RECORDS PROVIDED
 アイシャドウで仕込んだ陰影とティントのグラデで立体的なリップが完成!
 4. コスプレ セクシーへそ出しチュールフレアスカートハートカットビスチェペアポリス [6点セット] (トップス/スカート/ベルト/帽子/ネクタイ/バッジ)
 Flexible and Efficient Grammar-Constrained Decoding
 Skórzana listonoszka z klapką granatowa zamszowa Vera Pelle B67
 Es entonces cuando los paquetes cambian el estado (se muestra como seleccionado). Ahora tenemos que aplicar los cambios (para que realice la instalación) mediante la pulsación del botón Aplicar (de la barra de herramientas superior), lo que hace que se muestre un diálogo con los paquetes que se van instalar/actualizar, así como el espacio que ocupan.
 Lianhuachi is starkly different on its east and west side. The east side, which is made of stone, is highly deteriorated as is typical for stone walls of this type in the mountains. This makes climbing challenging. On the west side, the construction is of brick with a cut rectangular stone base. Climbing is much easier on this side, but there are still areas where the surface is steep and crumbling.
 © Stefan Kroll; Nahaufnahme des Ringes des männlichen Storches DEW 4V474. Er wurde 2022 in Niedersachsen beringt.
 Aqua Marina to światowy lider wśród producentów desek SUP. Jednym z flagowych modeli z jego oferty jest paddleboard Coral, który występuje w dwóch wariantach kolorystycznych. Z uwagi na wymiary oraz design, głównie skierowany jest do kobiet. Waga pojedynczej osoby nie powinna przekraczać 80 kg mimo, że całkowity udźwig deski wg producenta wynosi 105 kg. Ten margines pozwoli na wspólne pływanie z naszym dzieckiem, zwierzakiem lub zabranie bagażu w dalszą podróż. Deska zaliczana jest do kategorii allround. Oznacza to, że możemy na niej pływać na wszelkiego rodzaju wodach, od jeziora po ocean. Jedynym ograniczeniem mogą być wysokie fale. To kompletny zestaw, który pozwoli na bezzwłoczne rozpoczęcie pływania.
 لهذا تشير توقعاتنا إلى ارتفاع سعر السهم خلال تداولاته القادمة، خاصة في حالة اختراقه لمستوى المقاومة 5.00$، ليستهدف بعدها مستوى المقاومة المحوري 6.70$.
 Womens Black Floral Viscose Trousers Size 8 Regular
...
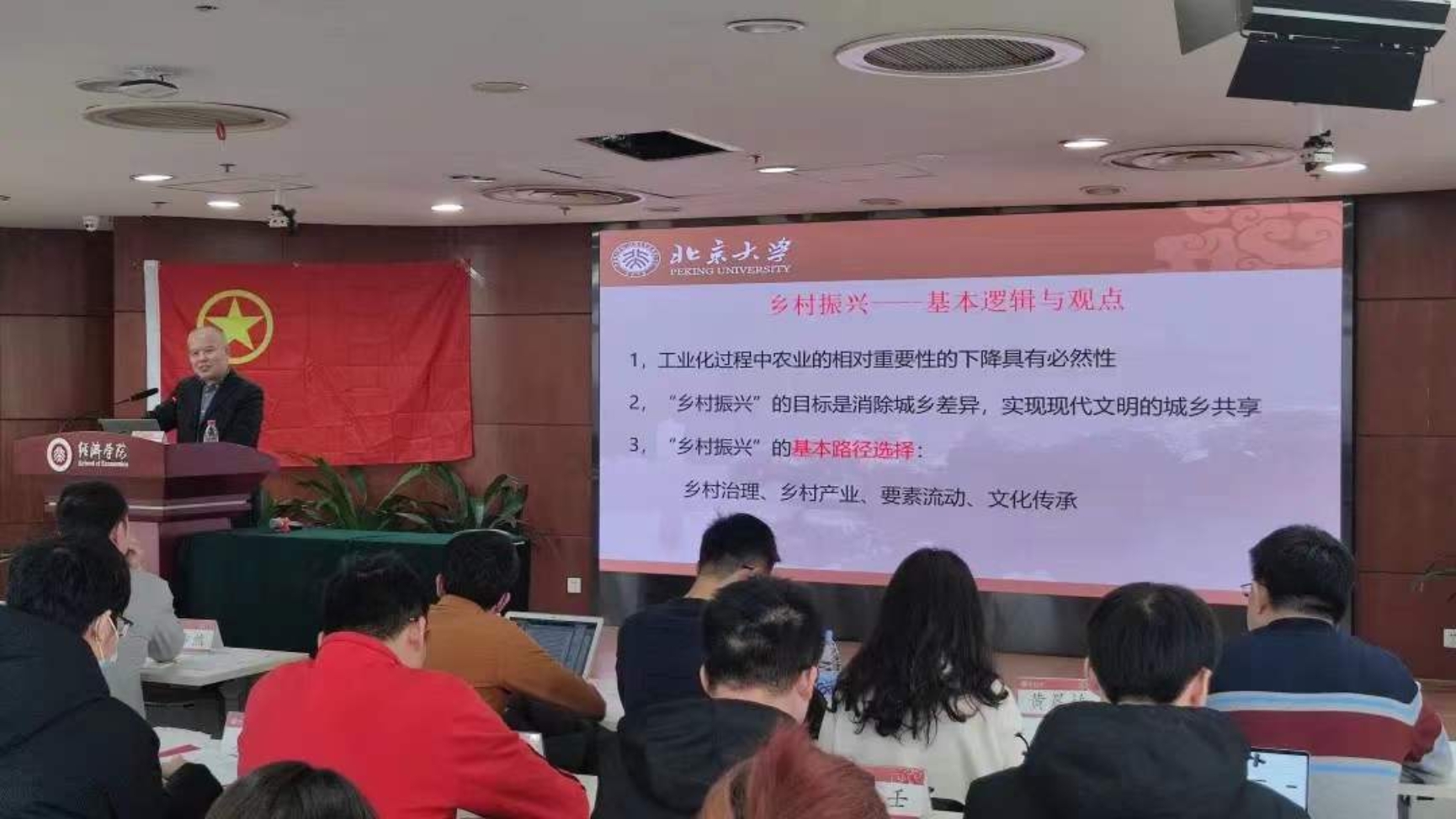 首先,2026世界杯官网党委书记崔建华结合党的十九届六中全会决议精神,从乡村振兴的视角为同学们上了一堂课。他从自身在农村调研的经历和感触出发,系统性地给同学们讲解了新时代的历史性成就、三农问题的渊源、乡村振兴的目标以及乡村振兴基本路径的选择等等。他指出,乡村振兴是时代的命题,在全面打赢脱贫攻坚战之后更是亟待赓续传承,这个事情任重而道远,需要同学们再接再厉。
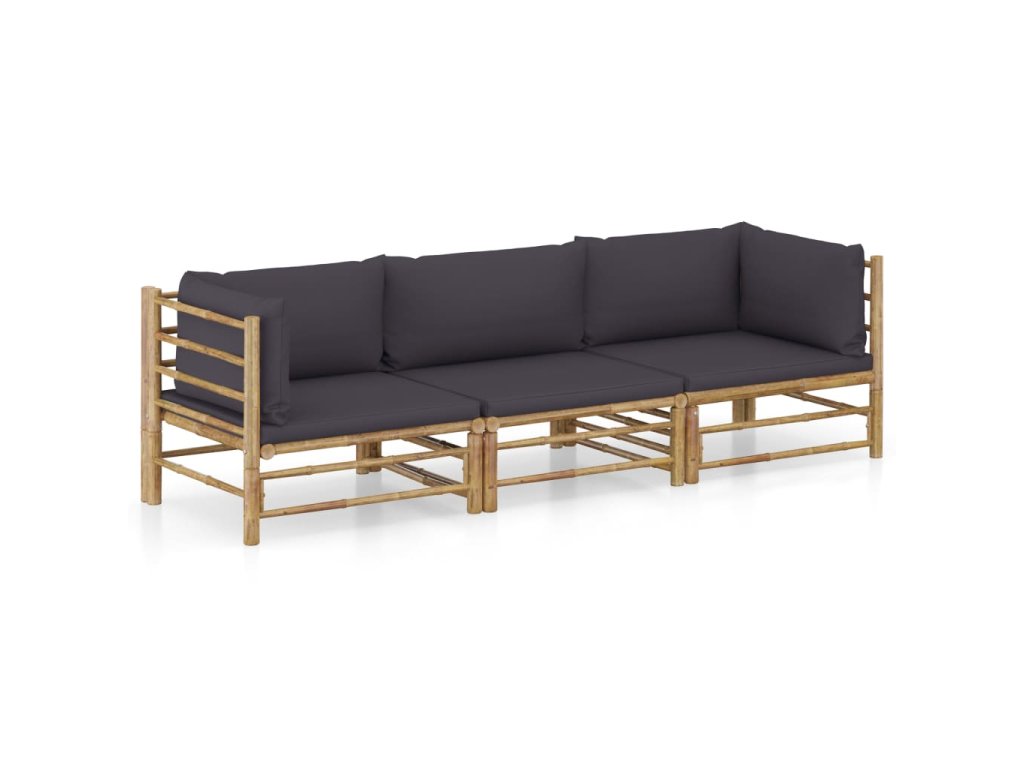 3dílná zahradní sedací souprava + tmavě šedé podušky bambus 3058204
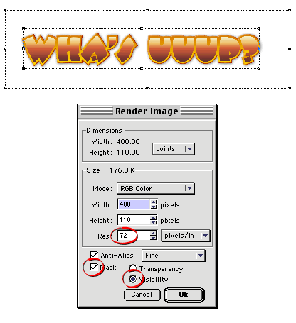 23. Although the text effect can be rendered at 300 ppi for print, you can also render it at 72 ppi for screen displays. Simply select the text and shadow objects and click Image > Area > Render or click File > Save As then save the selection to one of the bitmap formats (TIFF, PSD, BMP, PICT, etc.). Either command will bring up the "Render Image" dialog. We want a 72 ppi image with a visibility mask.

TASK TO CARRY OUT
Text only, no pictures: please print exactly the lines above from the line with "首先,2026世界杯官网党委" up to and including the line with "23. Although the", and nothing else.

COMPLETED EXERCISE
 首先,2026世界杯官网党委书记崔建华结合党的十九届六中全会决议精神,从乡村振兴的视角为同学们上了一堂课。他从自身在农村调研的经历和感触出发,系统性地给同学们讲解了新时代的历史性成就、三农问题的渊源、乡村振兴的目标以及乡村振兴基本路径的选择等等。他指出,乡村振兴是时代的命题,在全面打赢脱贫攻坚战之后更是亟待赓续传承,这个事情任重而道远,需要同学们再接再厉。
 3dílná zahradní sedací souprava + tmavě šedé podušky bambus 3058204
 23. Although the text effect can be rendered at 300 ppi for print, you can also render it at 72 ppi for screen displays. Simply select the text and shadow objects and click Image > Area > Render or click File > Save As then save the selection to one of the bitmap formats (TIFF, PSD, BMP, PICT, etc.). Either command will bring up the "Render Image" dialog. We want a 72 ppi image with a visibility mask.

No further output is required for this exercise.